> **Goal of the exercise**
The output should be the listing below, limited to the lines from the one with "Pre-owned Black Floral" through the one with "NBA直播12月26日讯 据", exact and without pictures.

> **Data in this exercise**
>>>

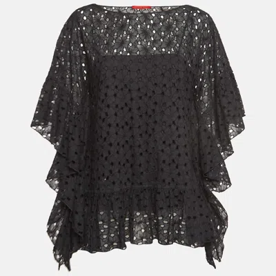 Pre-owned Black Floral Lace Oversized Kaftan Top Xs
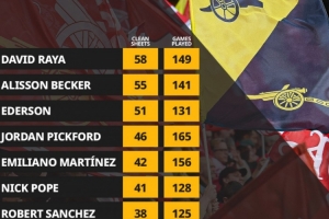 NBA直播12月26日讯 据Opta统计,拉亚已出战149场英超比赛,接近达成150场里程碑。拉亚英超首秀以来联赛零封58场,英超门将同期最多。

<<<
>>>

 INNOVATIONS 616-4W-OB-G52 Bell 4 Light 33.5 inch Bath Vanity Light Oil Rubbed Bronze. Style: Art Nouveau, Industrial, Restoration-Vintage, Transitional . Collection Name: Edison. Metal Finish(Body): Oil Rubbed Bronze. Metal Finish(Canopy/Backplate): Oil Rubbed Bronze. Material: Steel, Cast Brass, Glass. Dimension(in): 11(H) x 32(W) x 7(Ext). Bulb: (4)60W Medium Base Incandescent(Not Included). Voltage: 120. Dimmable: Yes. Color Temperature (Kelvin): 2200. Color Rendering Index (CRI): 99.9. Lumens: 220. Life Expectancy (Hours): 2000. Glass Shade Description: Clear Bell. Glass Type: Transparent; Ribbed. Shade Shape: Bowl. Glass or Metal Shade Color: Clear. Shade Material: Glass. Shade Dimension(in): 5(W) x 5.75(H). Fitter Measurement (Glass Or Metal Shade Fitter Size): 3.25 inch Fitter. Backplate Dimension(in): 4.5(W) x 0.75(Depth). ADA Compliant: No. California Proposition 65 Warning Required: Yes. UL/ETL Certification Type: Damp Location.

<<<

> **Completed exercise**
 Pre-owned Black Floral Lace Oversized Kaftan Top Xs
 NBA直播12月26日讯 据Opta统计,拉亚已出战149场英超比赛,接近达成150场里程碑。拉亚英超首秀以来联赛零封58场,英超门将同期最多。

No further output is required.